TO DO: For this exercise, retype the lines from the one that holds "We use the solid" through the one that holds "5 dilim esmer" in the records below, both included, exactly and without pictures.

STUDY MATERIAL:
------------------------------
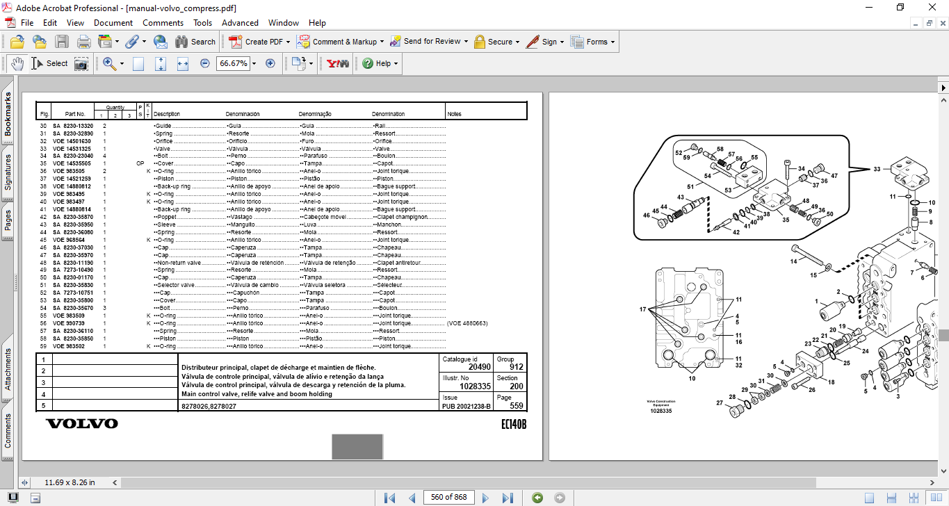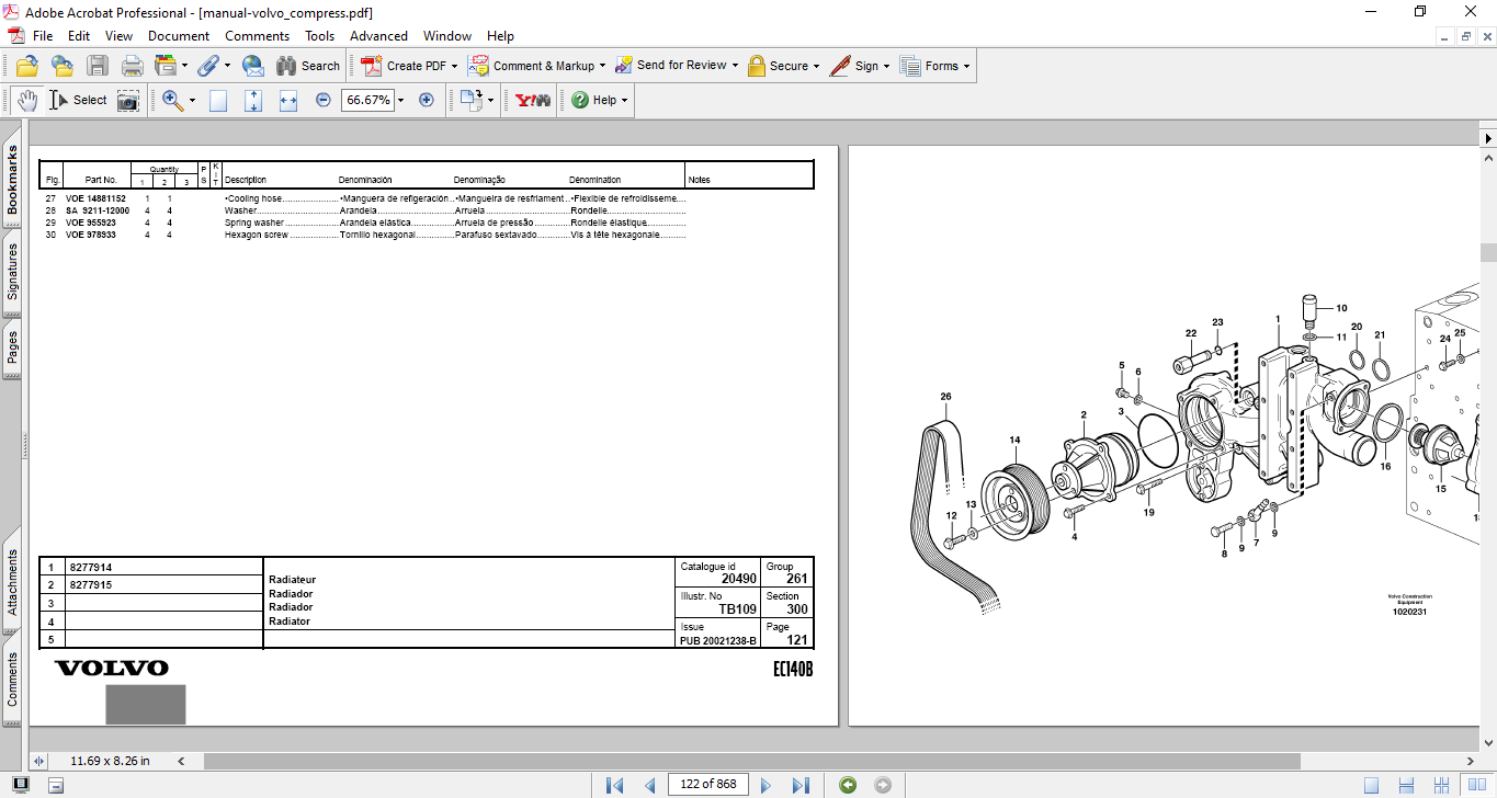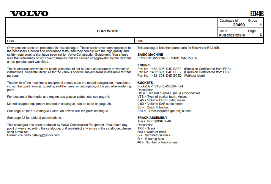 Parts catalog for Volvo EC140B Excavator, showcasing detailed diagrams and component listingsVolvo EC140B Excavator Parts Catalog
------------------------------
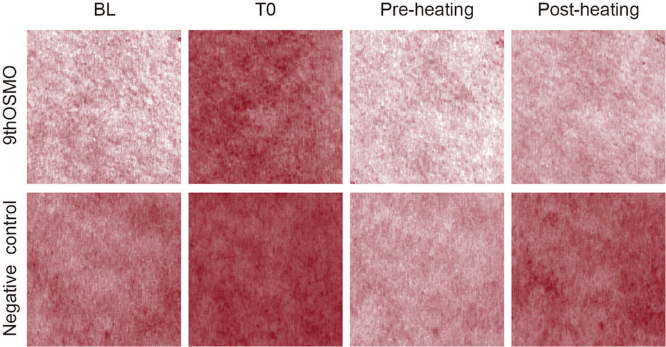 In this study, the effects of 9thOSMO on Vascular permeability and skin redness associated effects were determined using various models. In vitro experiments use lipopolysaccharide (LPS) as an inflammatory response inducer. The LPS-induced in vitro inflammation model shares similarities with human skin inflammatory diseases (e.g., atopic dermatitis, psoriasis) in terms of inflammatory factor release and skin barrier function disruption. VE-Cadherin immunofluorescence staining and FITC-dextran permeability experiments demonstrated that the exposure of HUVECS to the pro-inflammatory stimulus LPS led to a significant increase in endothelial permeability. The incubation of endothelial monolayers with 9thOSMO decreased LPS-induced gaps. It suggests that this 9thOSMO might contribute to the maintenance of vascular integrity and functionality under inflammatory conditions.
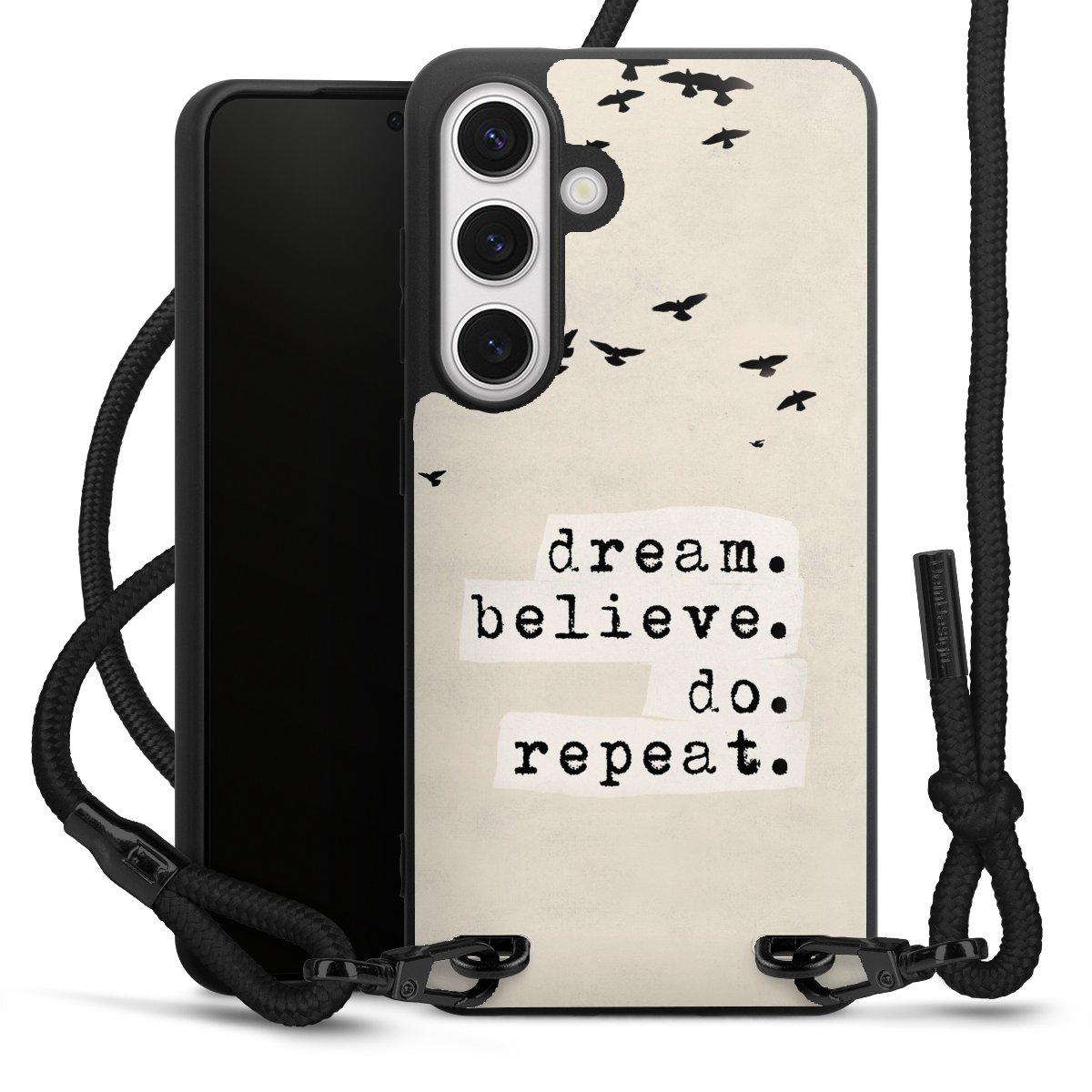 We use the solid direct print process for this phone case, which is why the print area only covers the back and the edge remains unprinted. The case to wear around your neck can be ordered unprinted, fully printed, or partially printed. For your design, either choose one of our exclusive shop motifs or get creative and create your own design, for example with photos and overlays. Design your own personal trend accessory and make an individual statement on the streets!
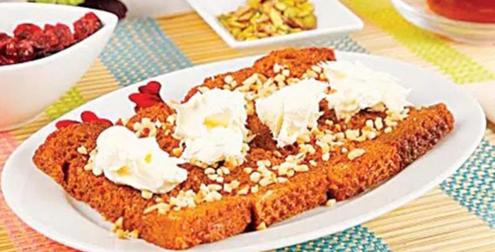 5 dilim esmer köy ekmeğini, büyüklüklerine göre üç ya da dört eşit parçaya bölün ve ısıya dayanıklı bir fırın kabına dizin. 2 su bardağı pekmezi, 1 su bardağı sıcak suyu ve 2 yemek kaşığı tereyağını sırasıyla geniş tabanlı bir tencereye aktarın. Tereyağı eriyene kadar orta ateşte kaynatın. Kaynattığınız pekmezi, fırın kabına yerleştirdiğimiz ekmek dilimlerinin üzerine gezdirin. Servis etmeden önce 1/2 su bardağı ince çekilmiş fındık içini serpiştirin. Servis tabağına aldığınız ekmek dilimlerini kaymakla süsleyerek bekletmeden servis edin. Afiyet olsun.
------------------------------
RESPONSE TO THIS EXERCISE:
 We use the solid direct print process for this phone case, which is why the print area only covers the back and the edge remains unprinted. The case to wear around your neck can be ordered unprinted, fully printed, or partially printed. For your design, either choose one of our exclusive shop motifs or get creative and create your own design, for example with photos and overlays. Design your own personal trend accessory and make an individual statement on the streets!
 5 dilim esmer köy ekmeğini, büyüklüklerine göre üç ya da dört eşit parçaya bölün ve ısıya dayanıklı bir fırın kabına dizin. 2 su bardağı pekmezi, 1 su bardağı sıcak suyu ve 2 yemek kaşığı tereyağını sırasıyla geniş tabanlı bir tencereye aktarın. Tereyağı eriyene kadar orta ateşte kaynatın. Kaynattığınız pekmezi, fırın kabına yerleştirdiğimiz ekmek dilimlerinin üzerine gezdirin. Servis etmeden önce 1/2 su bardağı ince çekilmiş fındık içini serpiştirin. Servis tabağına aldığınız ekmek dilimlerini kaymakla süsleyerek bekletmeden servis edin. Afiyet olsun.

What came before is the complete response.